## Your goal
Nothing outside the range is to be copied. From the entries below, reproduce exactly the lines starting at the one with "In the dash, two" and ending at the one with "Coucher de soleil tranquille sur la surface de l'eauCoucher", without pictures.

## Available records
((

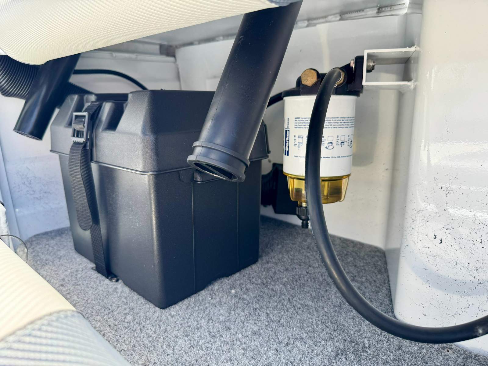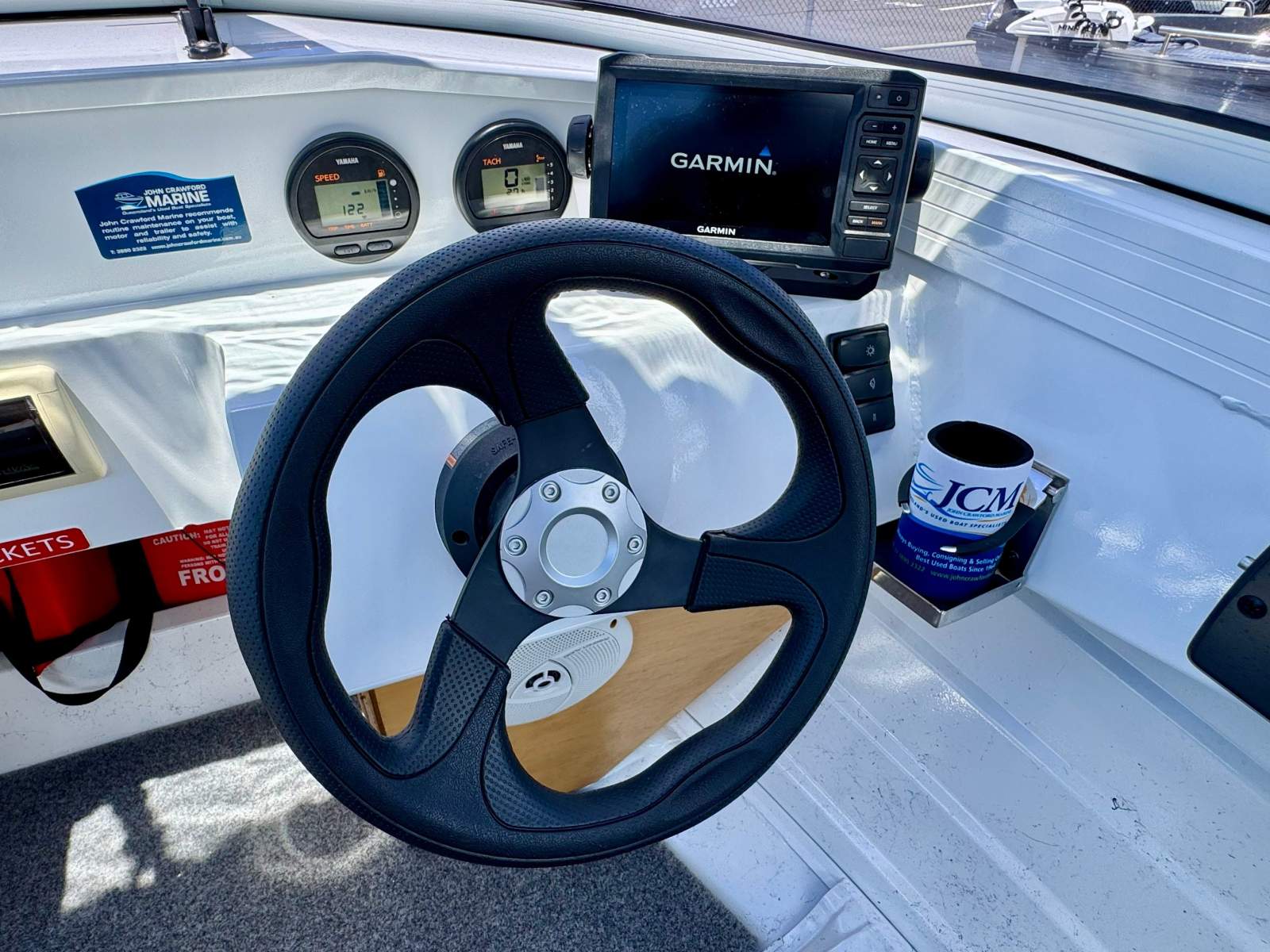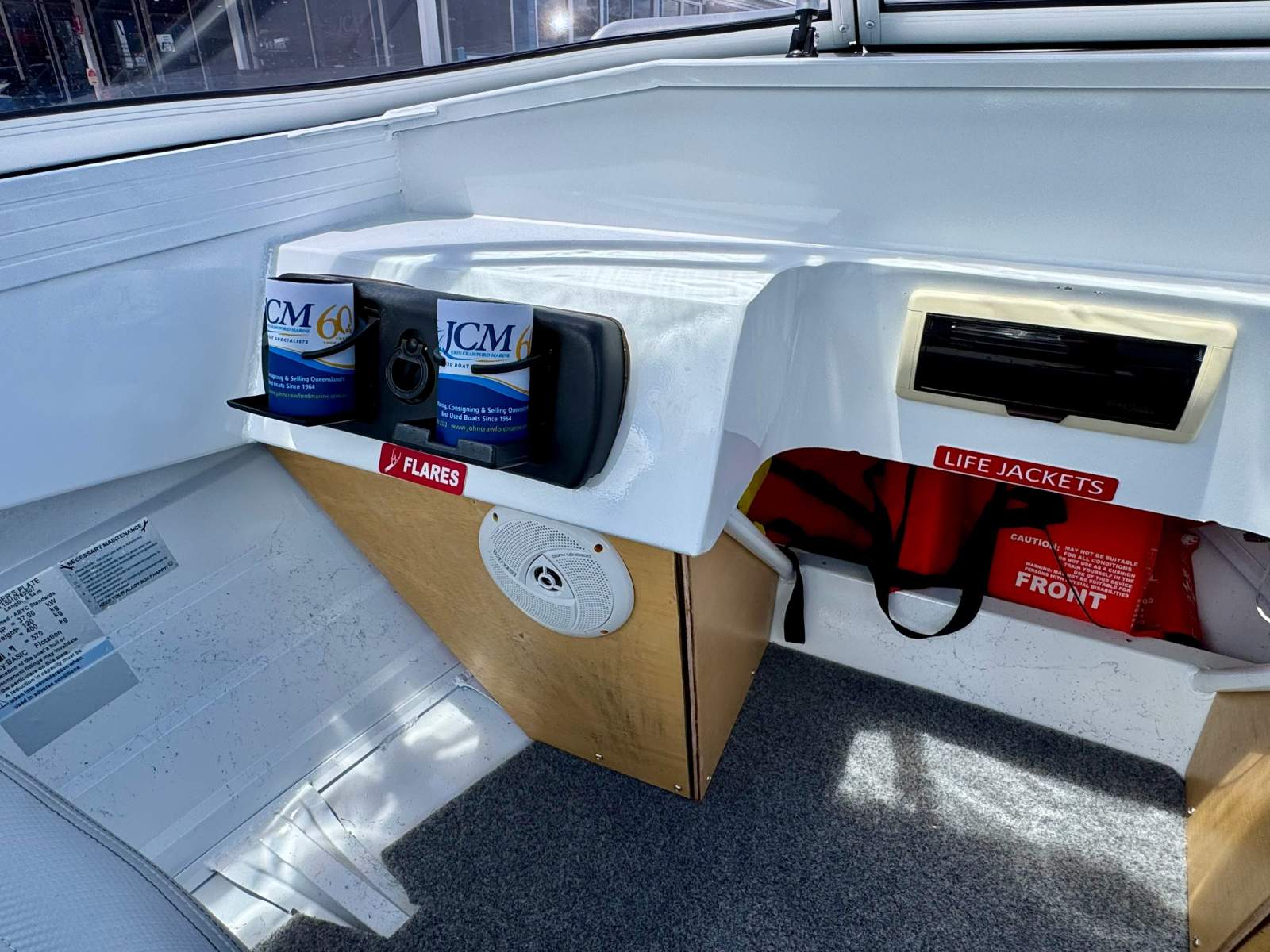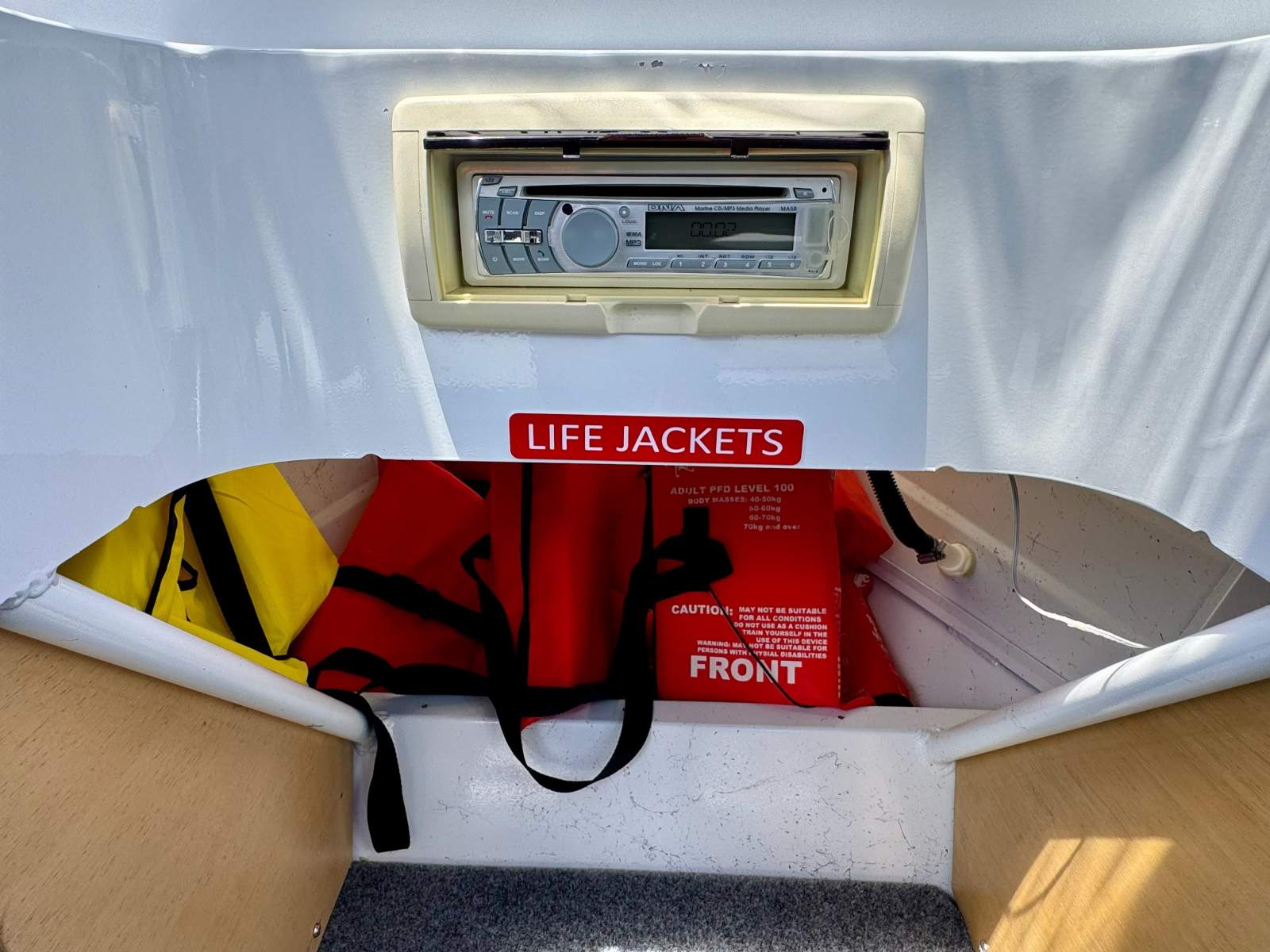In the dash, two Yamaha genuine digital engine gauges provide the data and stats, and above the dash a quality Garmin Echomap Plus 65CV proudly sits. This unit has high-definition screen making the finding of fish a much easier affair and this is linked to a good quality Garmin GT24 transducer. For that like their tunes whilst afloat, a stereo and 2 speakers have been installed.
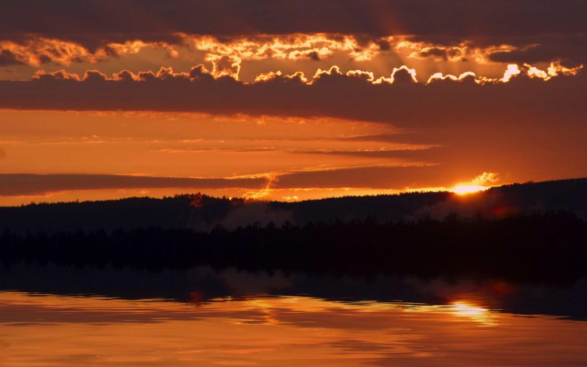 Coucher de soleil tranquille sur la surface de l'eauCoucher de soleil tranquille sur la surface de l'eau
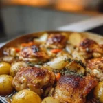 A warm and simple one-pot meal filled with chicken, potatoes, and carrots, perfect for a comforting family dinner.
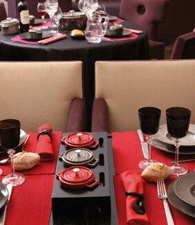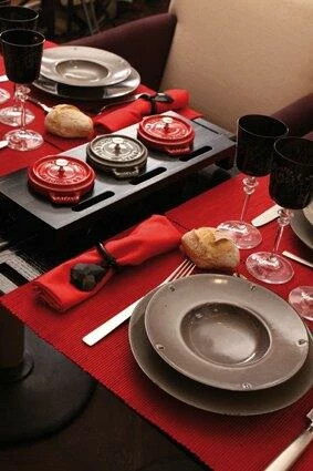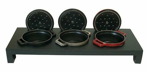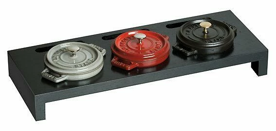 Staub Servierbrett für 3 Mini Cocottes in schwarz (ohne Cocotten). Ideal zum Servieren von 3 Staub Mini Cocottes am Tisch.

))
((

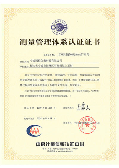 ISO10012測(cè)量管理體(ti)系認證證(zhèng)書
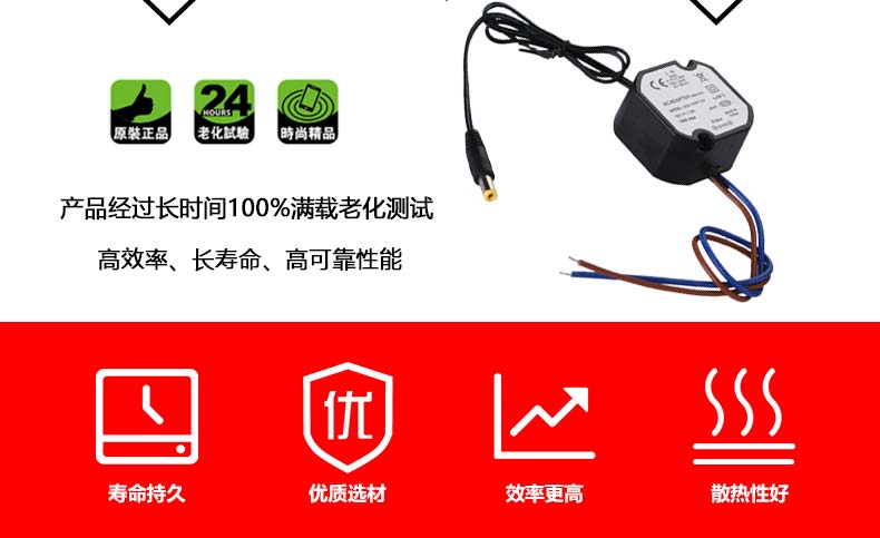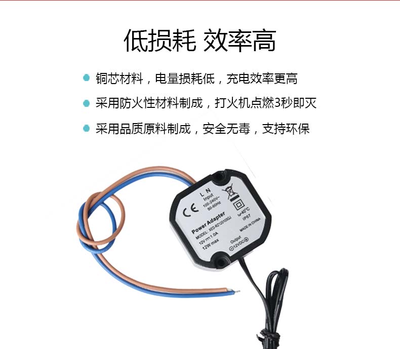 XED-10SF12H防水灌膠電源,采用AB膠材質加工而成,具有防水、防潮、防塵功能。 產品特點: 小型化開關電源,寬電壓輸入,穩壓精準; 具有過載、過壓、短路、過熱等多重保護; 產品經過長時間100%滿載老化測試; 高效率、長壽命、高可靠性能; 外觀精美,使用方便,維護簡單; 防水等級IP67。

))
((

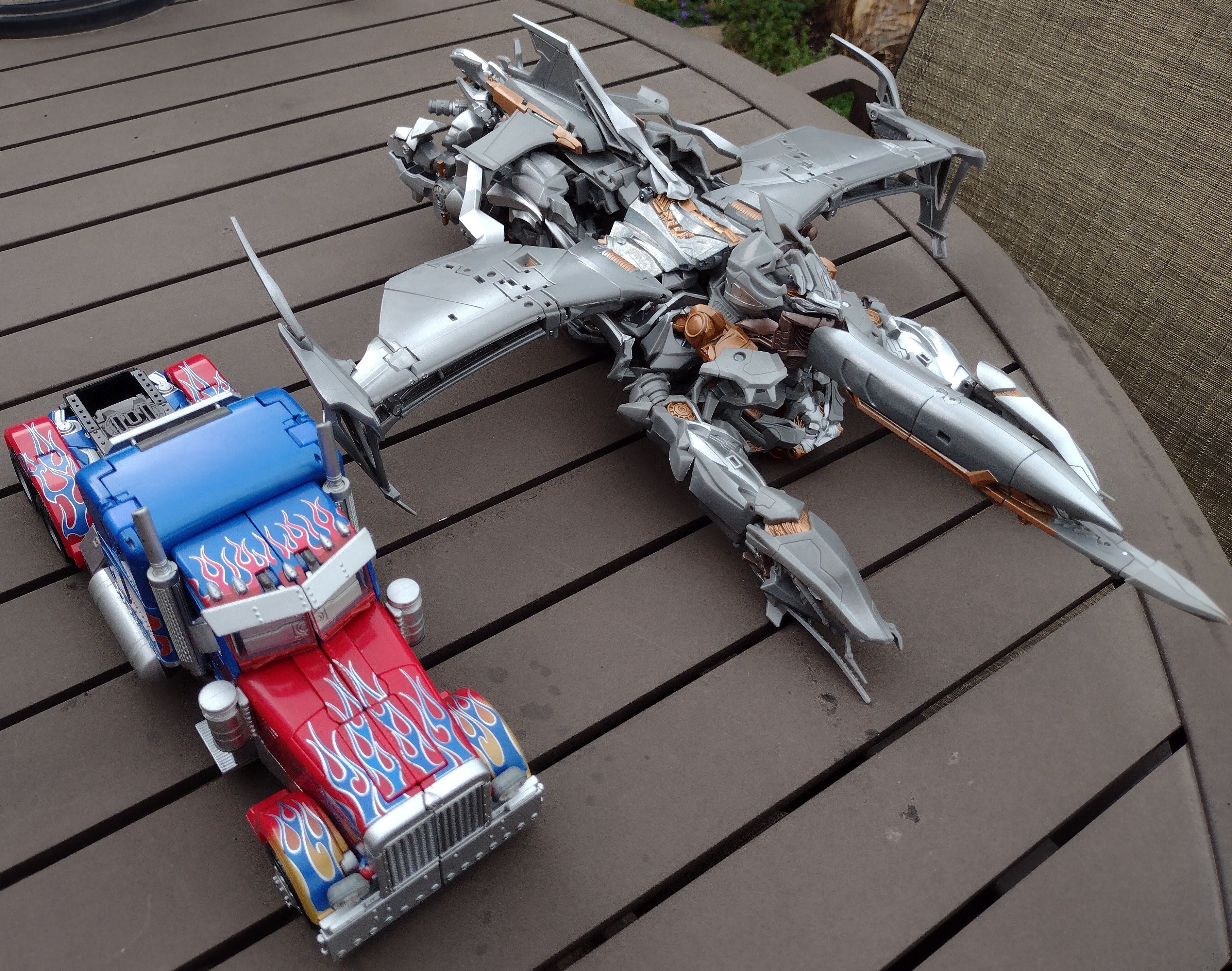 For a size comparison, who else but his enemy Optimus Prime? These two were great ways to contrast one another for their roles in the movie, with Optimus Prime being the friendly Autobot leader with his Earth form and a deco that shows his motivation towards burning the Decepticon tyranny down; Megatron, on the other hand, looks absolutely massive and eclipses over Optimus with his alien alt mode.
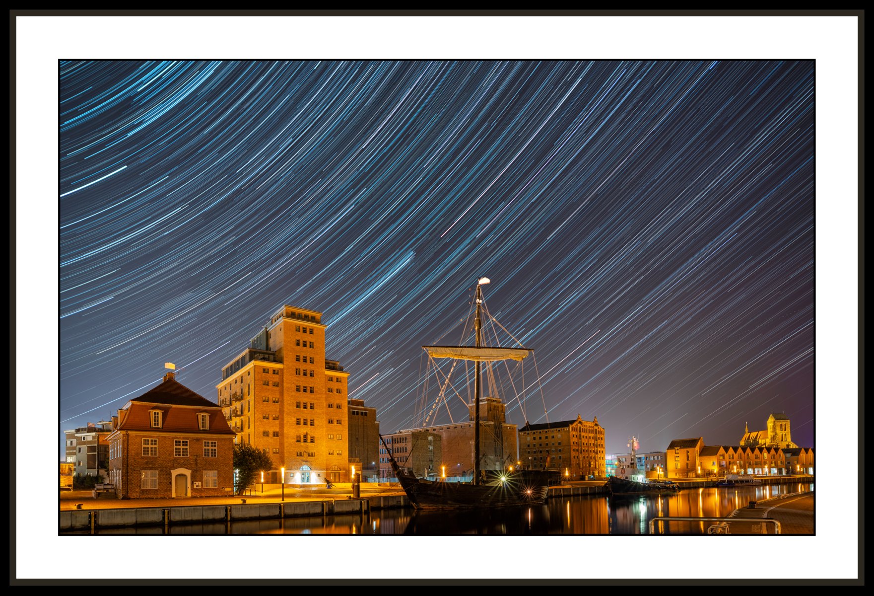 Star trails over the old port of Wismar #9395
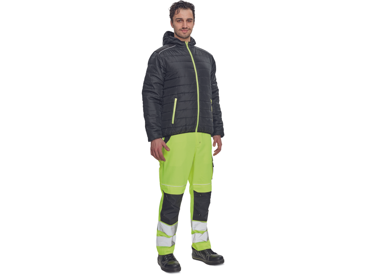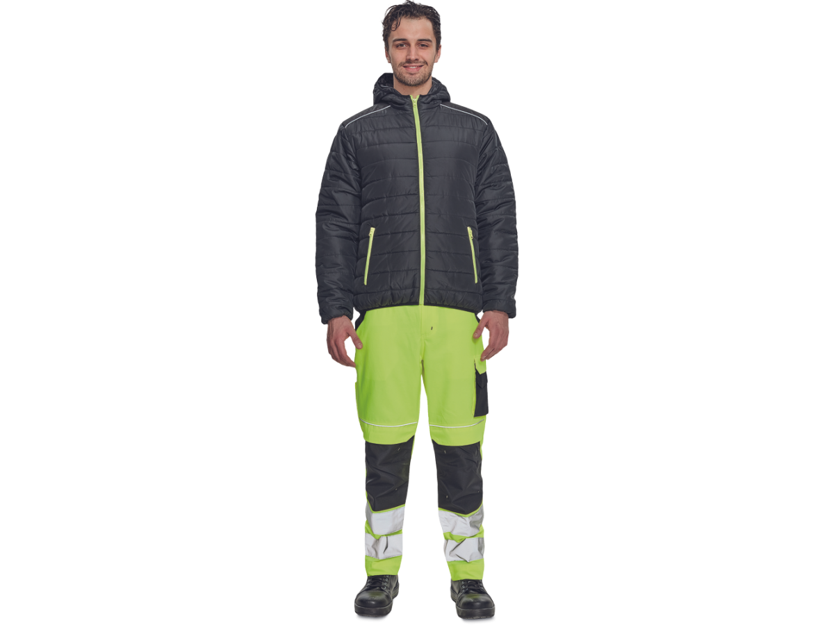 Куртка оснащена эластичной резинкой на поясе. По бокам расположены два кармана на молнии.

))

## Exercise output
In the dash, two Yamaha genuine digital engine gauges provide the data and stats, and above the dash a quality Garmin Echomap Plus 65CV proudly sits. This unit has high-definition screen making the finding of fish a much easier affair and this is linked to a good quality Garmin GT24 transducer. For that like their tunes whilst afloat, a stereo and 2 speakers have been installed.
 Coucher de soleil tranquille sur la surface de l'eauCoucher de soleil tranquille sur la surface de l'eau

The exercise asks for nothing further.